Sven-Goran Eriksson was once quoted as saying that “You know if he is on the pitch, there is always the chance to win until the last second of the game.”, whilst Glenn Hoddle commented “He is in the top four of our greatest finishers, along with Jimmy Greaves, Gary Lineker and Alan Shearer. Some might say he is top of that list.” At least Hoddle agrees with me, then.
I haven’t even scratched the surface on his individual honours. Owen was awarded the prestigious Ballon d’Or in 2001, signifying him as the best player internationally for that year. He would win the Premier League golden boot twice and be named it’s best player for the 1997-98 season alongside a PFA Young Player of the Year award. He was named in the Premier League ‘Team of the
Decade’ and was recognised by Pele as a member of the ‘FIFA 100’, signifying the international significance of Michael Owen’s talents. This is supported by a FIFA World Cup Best Young Player Award in 1998, as well as numerous other small but significant awards he received throughout his playing career.
For me, there are two factors that offer some explanation as to why Owen is perhaps not regarded as one of, if not the best, striker that England has seen.
Firstly, the move to Real Madrid. You can’t blame any player for their head being turned by the lure of the Spanish giants, especially given that Rafael Benitez had recently taken over at Liverpool and, as Steven Gerrard documents in his autobiography, Owen wasn’t happy.
Had Owen remained in England with Liverpool or another big club, we could well be looking at a serious challenger to Alan Shearer’s record.
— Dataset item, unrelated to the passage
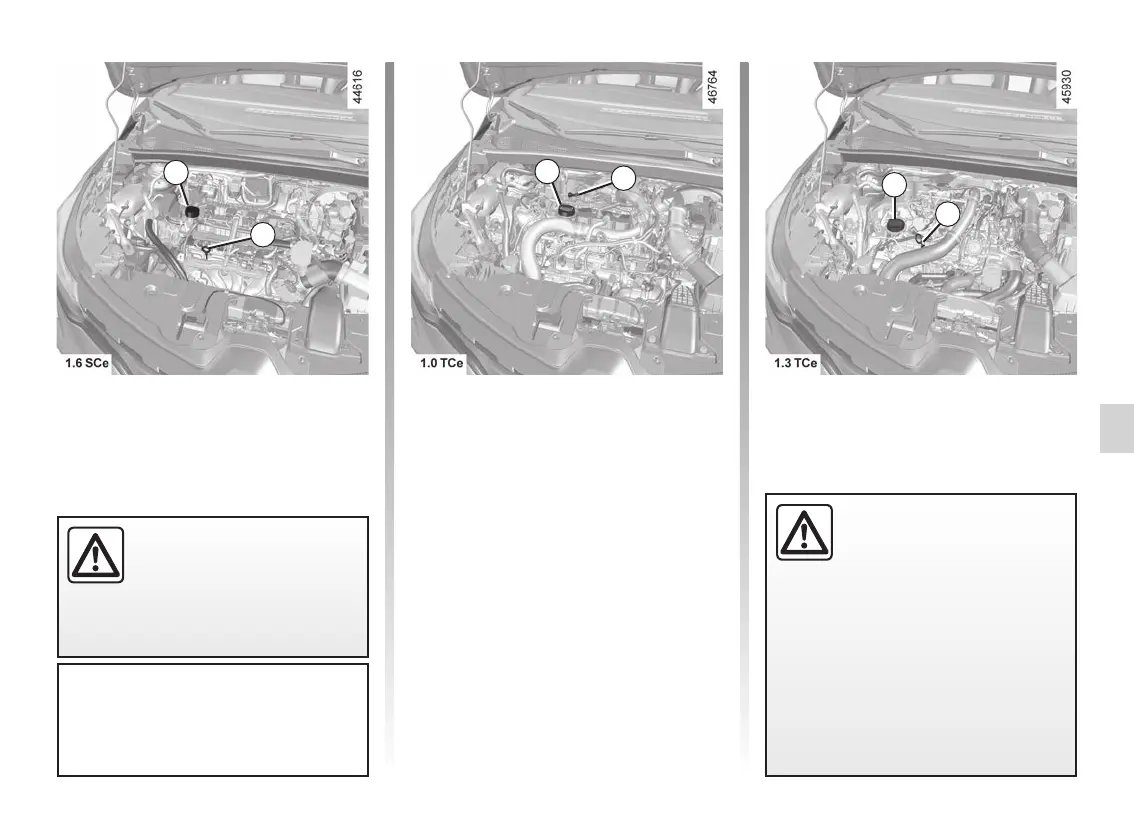 Engine oil level: topping up, filling

Would Owen have scored 110 more goals in the remaining nine years of his contract had he played regular Premier League football, injury-free? At 0.46 goals per game, incidentally a better record than Shearer, you have to argue at 19 goals per season on average, he’d had come extremely close.
That last point leads me into my second point; injuries. In many ways, the 2006 World Cup match against Sweden changed Michael Owen’s career. A tear in the anterior cruciate ligament in his knee required reconstructive surgery and Owen admitted in March 2009 that all the injuries he was sustaining were as a direct result of the after-effects of that one challenge in 2006.
Had Owen remained injury-free, in my opinion his goalscoring feats would have continued for season upon season, and not factored into his decision to retire aged just 34. Whilst it is true he played over another century of matches in English football following the tackle, his reactions and movement were considerably changed.
The 2010 Carling Cup Final against Aston Villa is a good example, with Owen chasing for a through ball and then pulling up with an injury before being substituted for Rooney. Owen scored the first and only goal at that point for Manchester United, as a side-note. I did mention he turns up on the big stages, right?
In summary, whilst I feel we as a nation do recognise Michael Owen’s talent, there is a tendency to focus on the injury-hit striker of his later games, rather than the prolific goalscorer that could, and should, have risen to the top of the record books. His statistics show that, had his career panned out differently in terms of injuries and club movements, we could well be looking at the greatest finisher in the English game.
In my opinion, the greatest player of certainly a generation, and probably of all-time. Only Alan Shearer sits in my mind as a potential rival to that crown. But that’s just me.